Exercise objective
Keep every word of the listing and reproduce it exactly, but set aside any image found there.

═══ Information shown

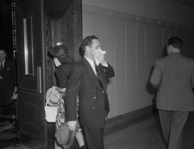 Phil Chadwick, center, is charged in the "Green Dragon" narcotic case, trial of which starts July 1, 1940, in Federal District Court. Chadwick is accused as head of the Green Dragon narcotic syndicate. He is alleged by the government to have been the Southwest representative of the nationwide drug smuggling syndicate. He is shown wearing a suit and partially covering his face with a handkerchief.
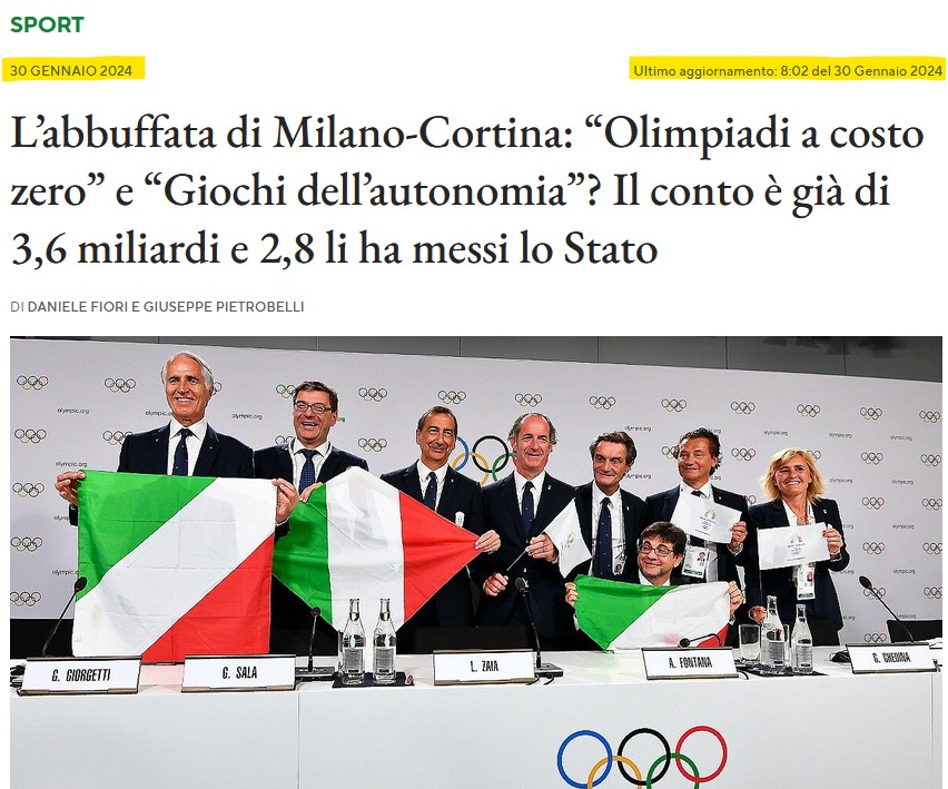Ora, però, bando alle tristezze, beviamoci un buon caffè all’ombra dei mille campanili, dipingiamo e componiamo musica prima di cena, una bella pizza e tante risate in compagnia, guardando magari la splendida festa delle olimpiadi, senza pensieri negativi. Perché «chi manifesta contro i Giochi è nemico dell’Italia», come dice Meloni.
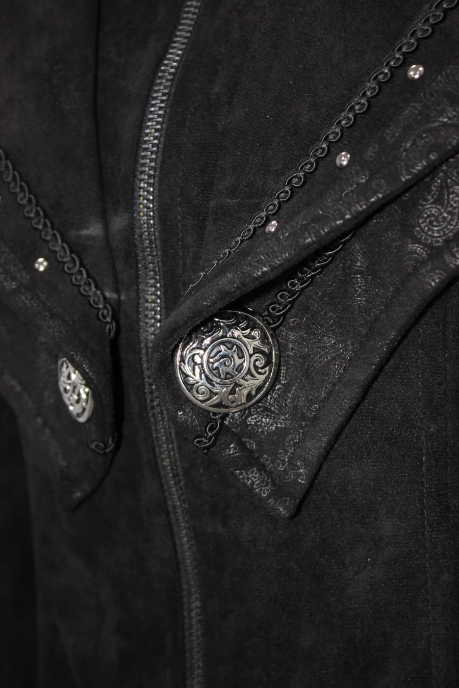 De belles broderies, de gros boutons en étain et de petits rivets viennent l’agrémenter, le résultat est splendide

══════

Exercise solution
 Phil Chadwick, center, is charged in the "Green Dragon" narcotic case, trial of which starts July 1, 1940, in Federal District Court. Chadwick is accused as head of the Green Dragon narcotic syndicate. He is alleged by the government to have been the Southwest representative of the nationwide drug smuggling syndicate. He is shown wearing a suit and partially covering his face with a handkerchief.
Ora, però, bando alle tristezze, beviamoci un buon caffè all’ombra dei mille campanili, dipingiamo e componiamo musica prima di cena, una bella pizza e tante risate in compagnia, guardando magari la splendida festa delle olimpiadi, senza pensieri negativi. Perché «chi manifesta contro i Giochi è nemico dell’Italia», come dice Meloni.
 De belles broderies, de gros boutons en étain et de petits rivets viennent l’agrémenter, le résultat est splendide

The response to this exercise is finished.